Apache’s historic oil discovery offshore Suriname has opened a new chapter in the potential of the Guyana-Suriname basin which the US Geological Survey (USGS) has long said could contain more than 13.6 billion barrels of oil and 32 trillion cubic feet of natural gas.
If the USGS survey is anything to go by, at least half of the estimated oil resource has already been found offshore Guyana. The Maka Central-1 discovery at Suriname’s Block 58 has now proven that a working hydrocarbon system exists on the Dutch side of the basin.
Maka Central-1 successfully tested for the presence of hydrocarbons in multiple stacked targets in the upper Cretaceous-aged Campanian and Santonian intervals and encountered both oil and gas condensate.
“The well proves a working hydrocarbon system in the first two play types within Block 58,” Apache CEO John Christmann said on Tuesday. “Preliminary formation evaluation data indicates the potential for prolific oil wells.”

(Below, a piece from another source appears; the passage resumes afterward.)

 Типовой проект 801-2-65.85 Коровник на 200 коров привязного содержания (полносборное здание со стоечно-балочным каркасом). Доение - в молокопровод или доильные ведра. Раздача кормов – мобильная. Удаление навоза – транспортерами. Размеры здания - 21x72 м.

In addition, “the size of the stratigraphic feature, as defined by 3-D seismic imaging, suggests a substantial resource,” Christmann said.
Maka Central-1 successfully tested for the presence of hydrocarbons in multiple stacked targets in the upper Cretaceous-aged Campanian and Santonian intervals and encountered both oil and gas condensate.

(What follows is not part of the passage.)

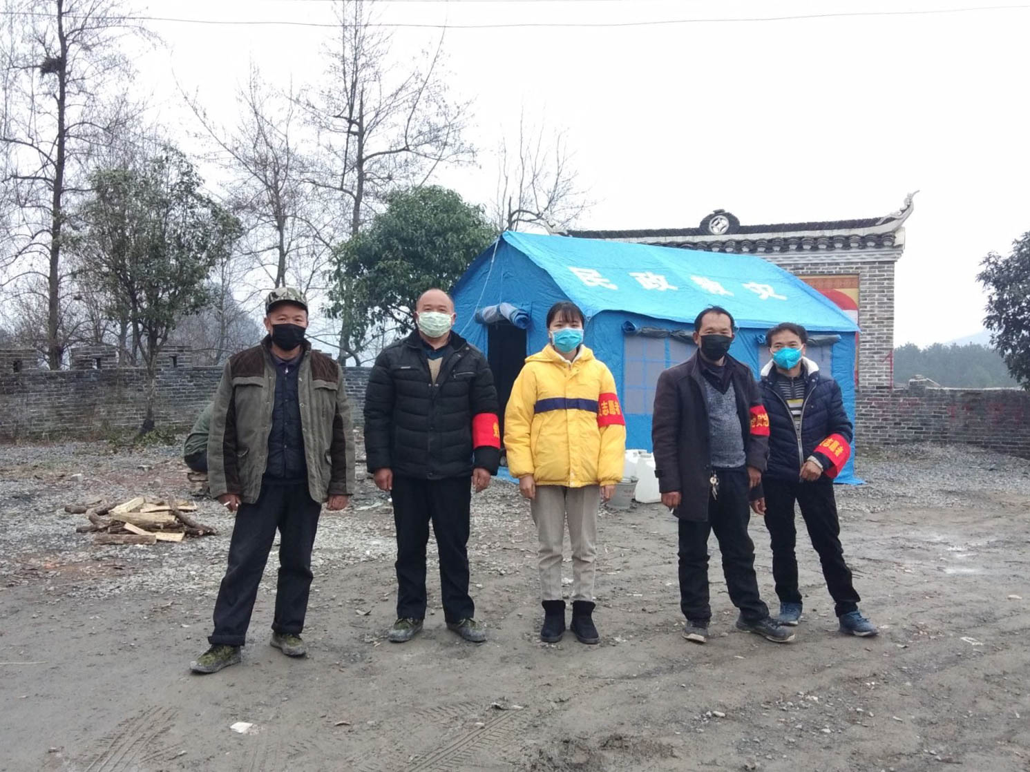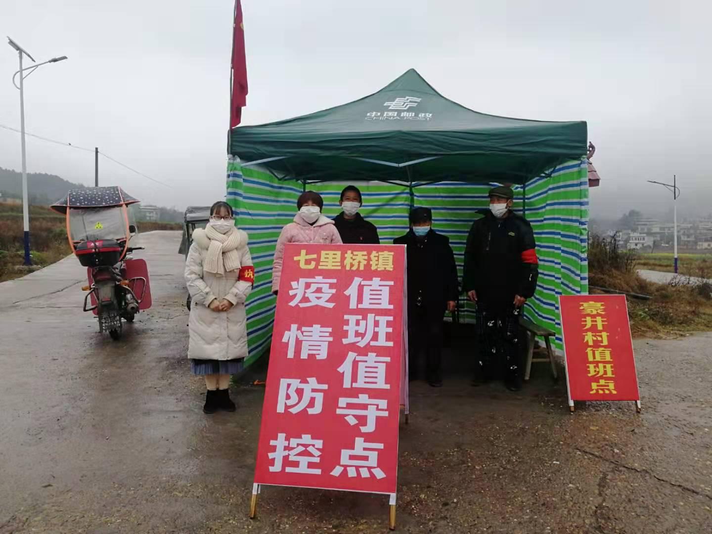 在值守点工作的文诗(右一)

Block 58 adjoins the Stabroek Block in neighboring Guyana, where an ExxonMobil-led consortium has made 15 discoveries in four-and-a-half years and last month became the first offshore producers of oil in that country from their Liza field. Exxon has found more than 6 billion barrels of oil at Stabroek.
As a result, the Block 58 partners and analysts are optimistic about the Maka discovery, which is on trend with the gusher of Stabroek finds.
Apache and Total, which are 50-50 partners in Block 58, said their next well will test the same-aged upper Cretaceous intervals in a separate and distinct stratigraphic feature.